- Work instruction
Starting at the top of the records below and ending with the line that contains "次期GR86が新開発エンジン", print each line exactly as written, skipping the pictures.

- Dataset entries
========================================================================
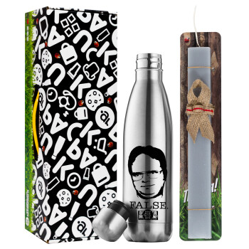 The office Dwight, Easter Set, metallic stainless thermos flask (500ml) & scented flat Easter candle (30cm) (GRAY)
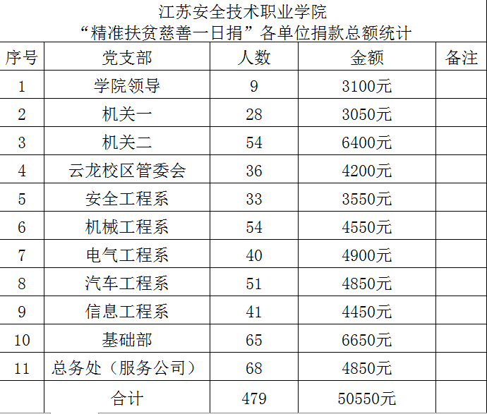 9月7日上午,学院党委专门研究部署“慈善一日捐”工作,全体党员干部职工积极参与,纷纷慷慨解囊,以实际行动去帮助困难群众,共募集善款50550元。所募集善款已于9月10日上午汇至省局机关委员会。
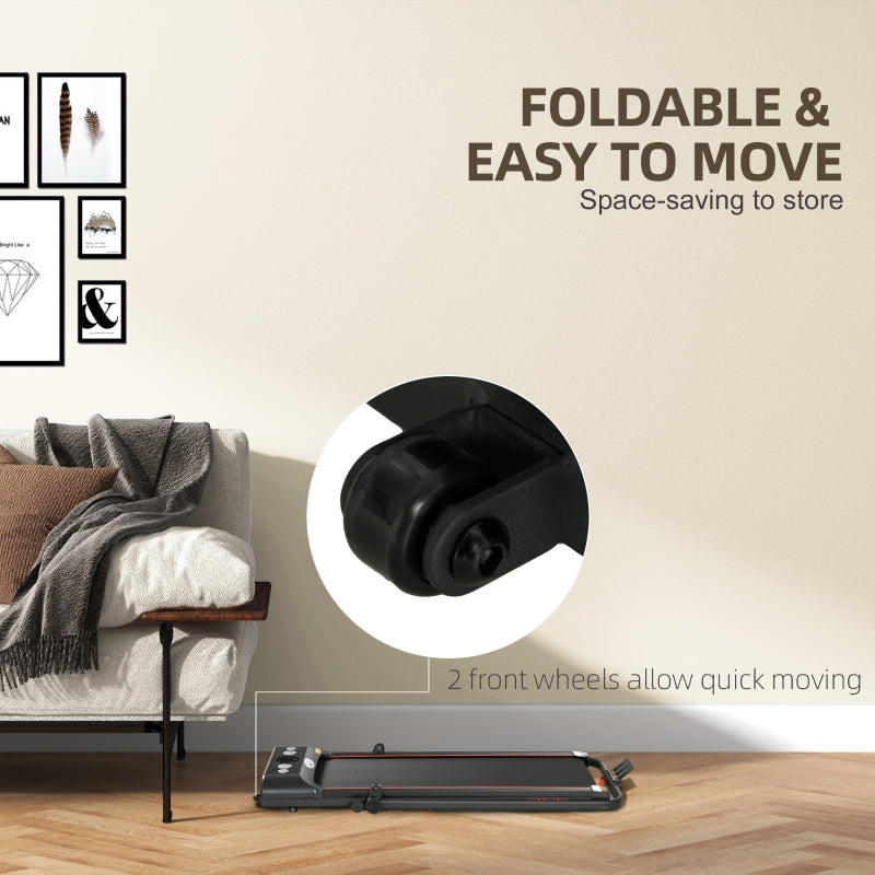 Foldable Walking Treadmill with LED Display and Wheels, Red
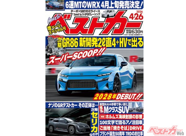 次期GR86が新開発エンジンで2028年登場!!『ベストカー4月26日号発売!』
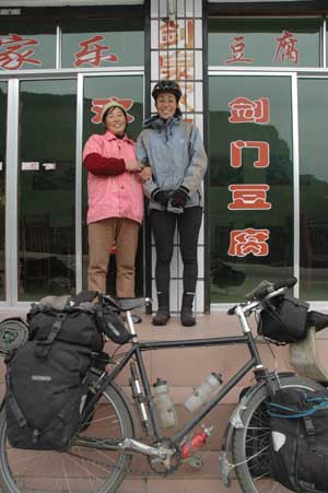 13th December 2005 - Chengdu to Meishan - 95km The cloudy weather had not lifted at all and overall, it was another cold, grey cycling day along a busy road, apart from a lovely section cutting through villages and fields and along the Jialing river. It was a nice road, but as usual packed full of activity: people are everywhere - sitting outside drinking tea and playing dominos, making baskets, working in fields or cutting bamboo. It took us more than an hour to find a suitable wee spot (for Isa)! We reached the city of Meishan with no high expectation. It is another newly developed city, with huge four lane roads cutting through the surrounding fields and awaiting for further building and all built around the standard new city grid system. After mistaking a restaurant for a hotel (easily done), we had to ask for help. A security guard snatched us away from the gathered crowd and led us to a hotel with his motorbike. We were at first very wary as he stopped in a dark street to ask us about how much we wanted to pay and we seemed to have gone a fair way in the direction we have just come from. But he did find us a really good and cheap room. He was also insisting on taking us to a restaurant and we decided to follow him. He sat down with us and insisted on paying for everything. The conversation was rather limited, but we gave it our best shot with our dictionary, mime, drawing and hand gestures (Isa's forte). But suddenly his phone rang and he had to go back to business on an emergency. As we had just finished the meal, we really thought that he would not come back - leaving us to pick up the bill (the oldest trick in the book). But he did come back and absolutely refused that we pay for anything. He said that he was happy to have met his two foreign friends. It was a great lesson of generosity to us. What made us feel so bad about it, is that we have been thinking all the way that the security guard wanted something from us when he was simply generous. It is sadly something we are not used to in Europe. |
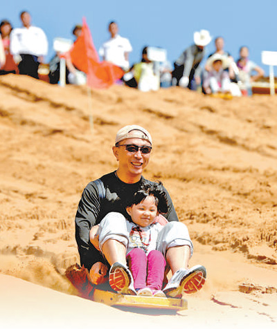 沙坡頭旅游景區(qū),游客在體驗(yàn)滑沙項(xiàng)目。 |
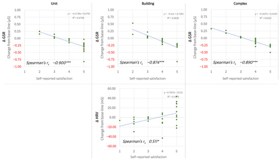 Significant correlation between physiological responses and satisfaction. Notes: Physiological outcomes with the highest correlation coefficients by residential scale are presented. Generated by Spearman’s rank-order correlation and scatter matrix. Δ(Delta) = changes in physiological measures from baseline; GSR = galvanic skin response; HRV = heart rate variability; * p < 0.05, *** p < 0.000.
========================================================================
- Answer to the problem
 The office Dwight, Easter Set, metallic stainless thermos flask (500ml) & scented flat Easter candle (30cm) (GRAY)
 9月7日上午,学院党委专门研究部署“慈善一日捐”工作,全体党员干部职工积极参与,纷纷慷慨解囊,以实际行动去帮助困难群众,共募集善款50550元。所募集善款已于9月10日上午汇至省局机关委员会。
 Foldable Walking Treadmill with LED Display and Wheels, Red
 次期GR86が新開発エンジンで2028年登場!!『ベストカー4月26日号発売!』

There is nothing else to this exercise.